Quality control tests for unmapped sequences were performed based on the FastQC v.0.11.5 software (http://www.bioinformatics.babraham.ac.uk/projects/fastqc/). All of the ChIP-Seq data sets were aligned to the GRCh37/hg19 human genes and Drosophila Melanogaster dm6 genes using bowtie2–2.3.5 with the standard options. PCR duplicates were removed with the Picard v2.18.2 MarkDuplicates tool (Li and Durbin, 2010). The Active Motif Spike-in Normalization protocol was then applied to each hg19 sample by multiplying the human tag counts with the normalization factors derived from the uniquely mapped Drosophila reads as ratios between the sample with the lowest dm6 counts vs. the dm6 counts for that sample.

For each mark the reads mapped on the STAG2 wild-type clones A673.sgNT-1c4 and A673.sgNT-2c3 were merged and labeled as “STAG2 WT”. Similarly, for each mark the reads mapped on the STAG2 knockout clones A673.sgSTAG2–1c6, A673.sgSTAG2–4c5 were merged and labeled as “STAG2 KO” with the exception of H3K27me3 for which only the A673.sgSTAG2–1c6 clone is available and labeled as “STAG2 KO”.

The dm6 normalization factors for individual clones and for the merged clones were very close to 1. The mapped reads for individual and for merged clones were normalized in units of Reads Per Kilobase per Million (RPKM or rpm/bp) and coverage tracks for the RPKM signal were created as bigwig files for bins of size 20 base pairs by using the bamCoverage tool available in deepTools v2.5.3. (Ramirez et al., 2016).

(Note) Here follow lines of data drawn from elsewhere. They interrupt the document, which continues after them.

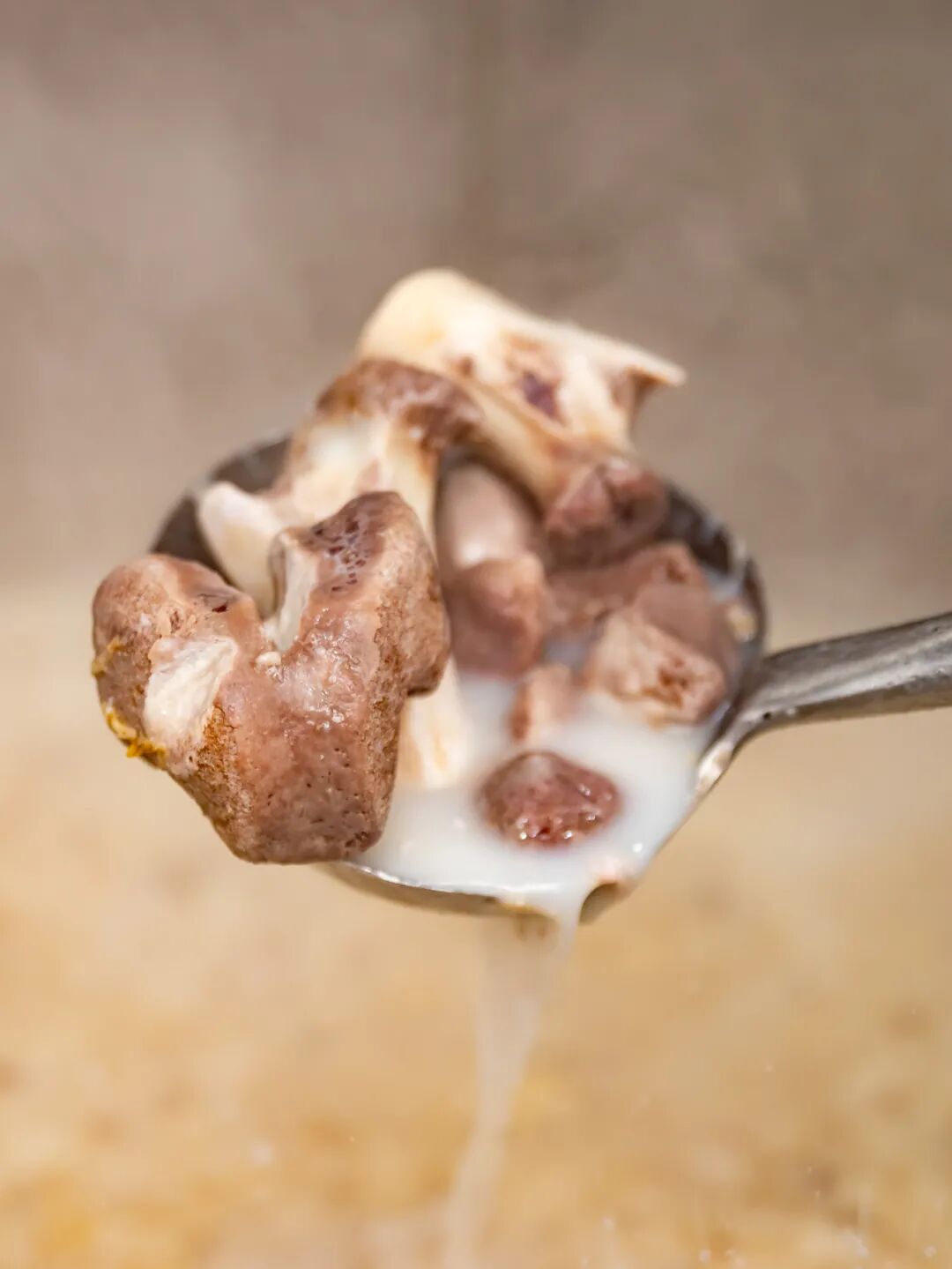 很多人搞不清为什么在涮肉时会有种肉叫高钙肉片,其实之所以称作高钙,是因为肉中含有脆骨,在牛羊的浓香中,还带着脆脆的口感,实在是格外令人惊艳。
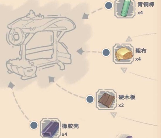 制作好裁缝台后,就可以准备驼牛站的核心材料了。驼牛站的建造需要4个青铜棒、4个粗布、2个硬木板以及4个遗迹橡胶壳。粗布需要在裁缝台上用植物纤维加工制成,植物纤维通过收割野外植物即可大量获取。青铜棒和硬木板则分别需要熔炉和中级加工台来制作。
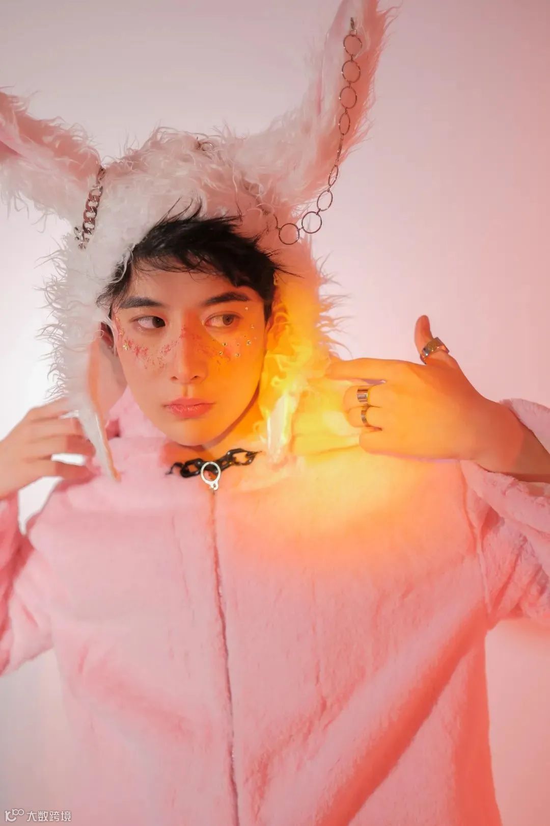 在创意妆造方面,兔年可以发挥的地方很多,粉色与白色的搭配,加上温暖渐变的灯光,可以拍出不一样的新年肖像照。
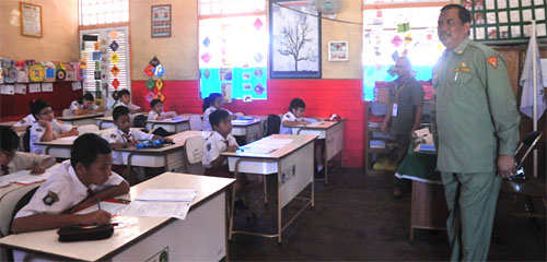 Wabup HM Ghufron Yusuf mengamati para siswa SDN 018 Tenggarong yang tampak serius menjalani Ujian Nasional Photo: Humas Kukar/Dewi
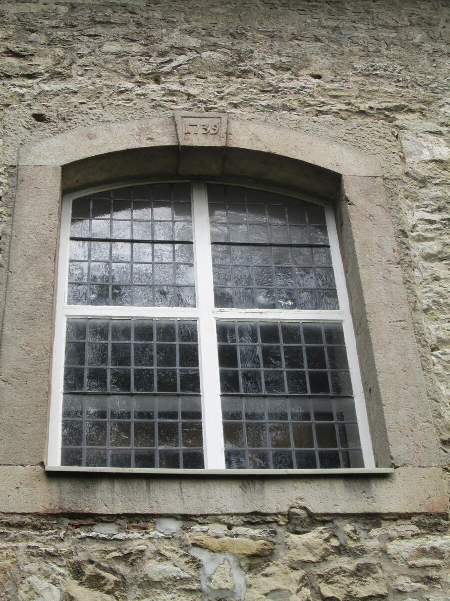 Das sechsachsige Kirchenschiff hat neben kleineren Fenstern über diesen beiden Türen auf jeder Längsseite fünf hohe Fenster, die nach oben leicht gerundet sind. Ein weiteres Fenster befindet sich auf der Ostseite der Kirche.
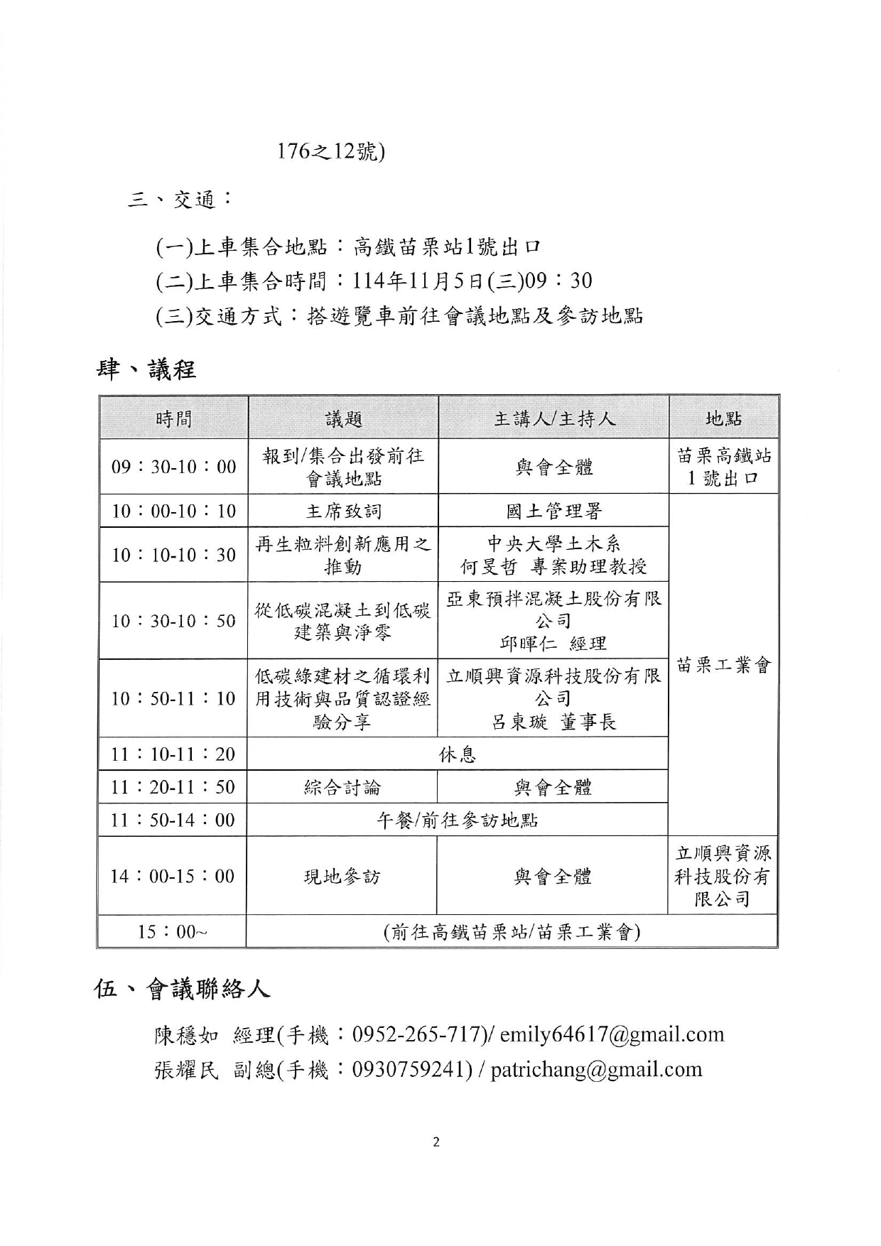 有關永旭豐環境科技有限公司執行內政部國土管理署 「114年度營建資源循環利用及產業轉型整合管理推動計畫案」,將辦理「營建資源循環利用及產業鏈結工作坊」,詳如說明。
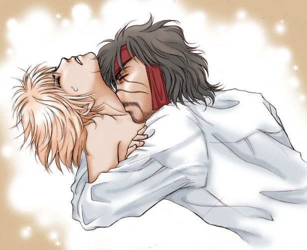 「桜色協奏曲」の櫻様から頂いた小説の挿し絵、第二段。 男の子に戻ったティーダをジェクトが襲っている場面。 最初はキスさせようか、もしくは押し倒している場面にしようか 迷いに迷い…何と三回も描き直した曰く付きの絵。 何に迷ったのか、描き終わった瞬間忘れてしまった。 ティーダが服を着てないのは…本文を見て貰えれば分かる…と思います。 …一応、ジェクトに脱がされたと思ってくれれば幸い。 BACK

Peak calling was performed against input controls using the model-based MACS2 v2.1.1.20160309 software (Zhang et al., 2008), with the cut-off FDR ≤ 0.01. Narrow peaks were identified for all marks except H3K27me3 for which MACS2 was called with the broad peak option. Area under Curve (AUC) RPKM normalized signal across genomic regions was computed with the bwtool software (Pohl and Beato, 2014). Peaks with low area under curve coverage (< 300 RPKM) were disregarded and the ENCODE black-listed regions for hg19 (available at https://www.encodeproject.org/annotations/ENCSR636HFF/) were removed from each set of peak regions. Quality control tests for the mapped reads were performed by using the ChIPQC library available from Bioconductor v3.6 (Carroll et al., 2014). The distances between replicates for STAG2 WT and STAG2 KO clones were estimated based on the multiBamSummary function available from the deepTools v2.5.3. (Ramirez et al., 2016) and visualized on correlation heatmaps and PCA plots. The peaks were annotated with the closest hg19 genes by using the annotatePeaks function available in the Homer v4.11 package (Heinz et al., 2010) and the GREAT annotation platform (McLean et al., 2010).

ATAC-Seq

ATAC-Seq data were collected using paired-end 50 bp reads from HiSeq, Illumina at the Center for Cancer Genome Discovery at the Dana-Farber Cancer Institute (2015). Quality control tests for unmapped reads were performed based on the FastQC v.0.11.5 software (Babraham Bioinformatics, http://www.bioinformatics.babraham.ac.uk/projects/fastqc/). All of the ATAC-Seq data sets were aligned to the GRCh37/hg19 human genes using bwa v0.7.17 (https://github.com/lh3/bwa) with the mem -M options (Li and Durbin, 2010). The mitochondrial reads (chr M) were removed with samtools after alignment. PCR duplicates were removed with Picard v2.18.2 MarkDuplicates tool. The reads mapped on the STAG2 wild-type clones were merged and labeled “STAG2 WT”, and similarly, the reads mapped on the STAG2 knockout clones were merged and labeled “STAG2 KO”. The mapped reads were normalized in units of Reads Per Kilobase per Million (RPKM or rpm/bp) and coverage tracks for the RPKM signal were created as bigwig files for bins of size 20 base pairs by using the bamCoverage tool available in deepTools v2.5.3 (Ramirez et al., 2016). Model-based peaks were identified using model-based MACS2 v2.1.1.20160309 software (Zhang et al., 2008), with the cut-off FDR ≤ 0.01. The ATAC-Seq data for this study is available for download from the Gene Expression Omnibus (GEO) repository (GSE 116495) upon manuscript publication.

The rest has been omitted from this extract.